Secondary	Change in hot or cold sensation.	Cold and warm thresholds measure response of A-delta and C fibers of sensory nerves. A Velcro strap containing a metal circular pad about the size of a half dollar is attached to the dorsal part of the right foot. The subject is asked to push a button on a hand held device when they feel hot or cold from the circular pad attached to their foot. The device is set to default before any damaging temperature is reached. First warm followed by cold will be tested and the temperature of the pad will be recorded when the patient pushes the button. The commercial TSA-II Neurosensory Analyzer will be used.	Done once as a baseline measurement for phase 2 of the study and again at the end of the study after 12 months of fish oil treatment.
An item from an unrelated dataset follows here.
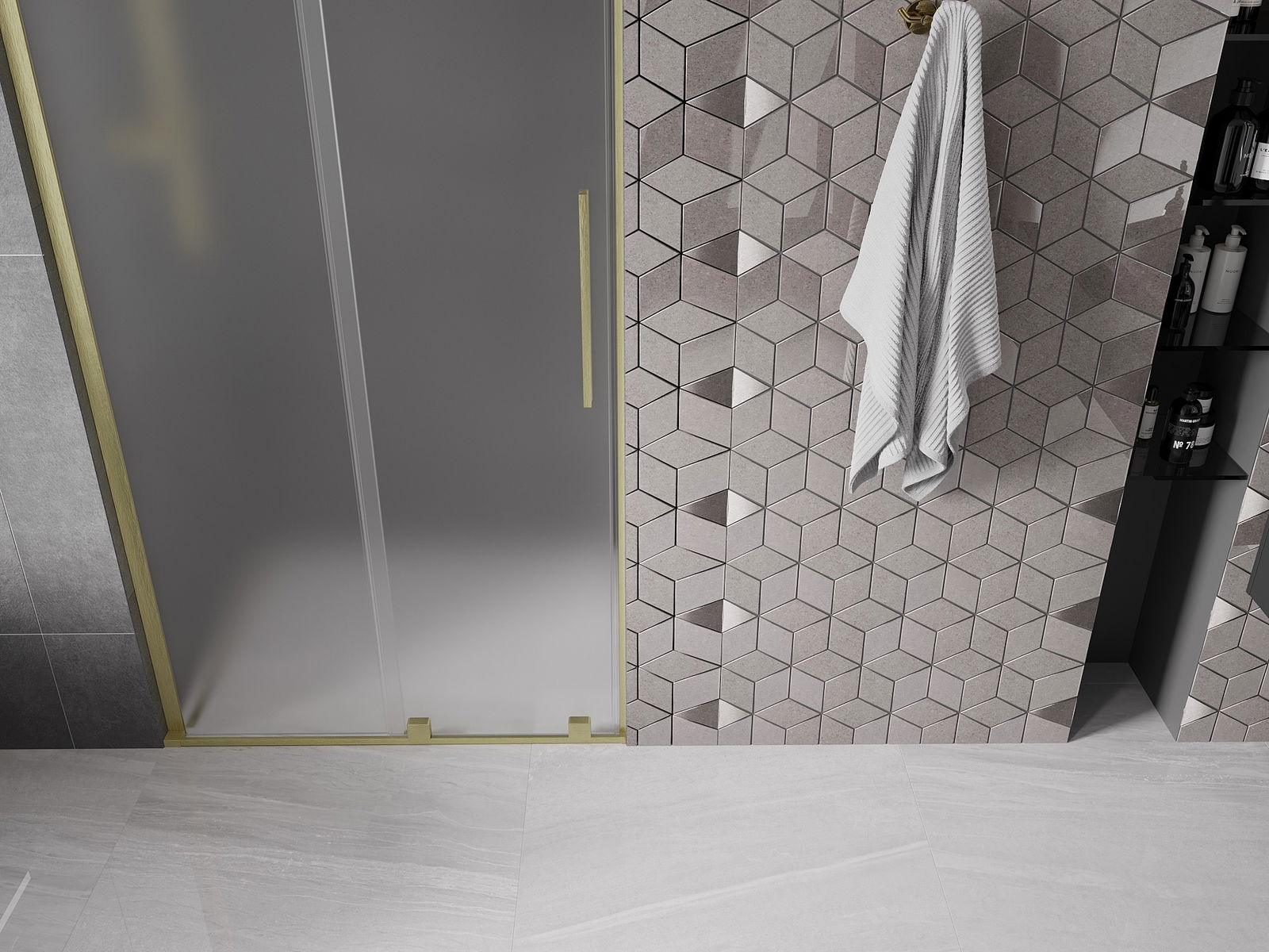 Mexen Velar L плъзгаща се душ врата 110 см, матирано стъкло, златни четки - 871-110-003-31-55

Secondary	Change in visual acuity (subject's vision)	A routine visual acuity eye examination will be used. Subjects vision will be measured by having the subject read the smallest letters on an eye chart with their glasses or best correction. This takes about 5 minutes or less.	Done once as a baseline measurement for phase 2 of the study and again at the end of the study after 12 months of fish oil treatment.
Secondary	Change in omega-3 polyunsaturated fatty acids and their metabolites in serum	Blood will be collected at baseline and end of the phase 2 part of the study. Blood will be used to determine the omega-6 to omega-3 ratio in blood a marker of inflammatory stress.	Done once as a baseline measurement for phase 2 of the study and again at the end of the study after 12 months of fish oil treatment.
Secondary	Change in pupil responsiveness to light	A hand-held pupillometer/electroretinogram device (RETeval, LKC) will be held in front of the subject s eye, but will not touch the eye. The device will provide a brief, a series of brief light stimuli and then record the pupil response and the elicited electrical response from the retina from a surface skin patch (electrode) placed below each eye, from the light as a measure of whether the inherent sensitivity of the eye in the retina is normal. The investigators will repeat this in the left eye. The visible light stimulus is safe and is given at an intensity experienced in normal daily light exposures. The test takes about 2 minutes per eye.	Done once as a baseline measurement for phase 2 of the study and again at the end of the study after 12 months of fish oil treatment.
Secondary	Questionnaires for corneal sensitivity	There will be two questionnaires, Ocular Surface Disease Index (OSDI which contains 12 questions eye sensitivity to light, vision acuity, dryness, and sensitivity when reading, using the computer, and watching TV) and the Dry Eye Questionnaire (DEQ which contains 5 questions relating to discomfort, dryness and watery eyes).	Done once as baseline for phase 1 of the study and also will be repeated at the end of phase 2 of the study.
Secondary	Determination of tibial nerve conduction velocity	This is a non-invasive method of determining conduction velocity of the tibial nerve. The subject will be instructed to lie down on a examination table with shoes and socks removed. Afterwards, the lower ankle will be swabbed with an alcohol patch and allowed to air dry. A device containing 2 posts (about 3 inches apart) will be placed on the lower ankle in the region of the Achilles and activated. For a period of 5-10 sec the device sends a pulse stimulating the nerve distally (post located at the lower part of the ankle) and the response recorded by the post located distally on the skin of the upper part of the ankle. The nerve conduction is recorded electronically by the device and data down loaded to a secured computer. During the time of the analyses the subject will feel dual pulsating sensation that will last up to 10 sec.	Done once as baseline for phase 1 of the study and also will be repeated at the end of phase 2 of the study.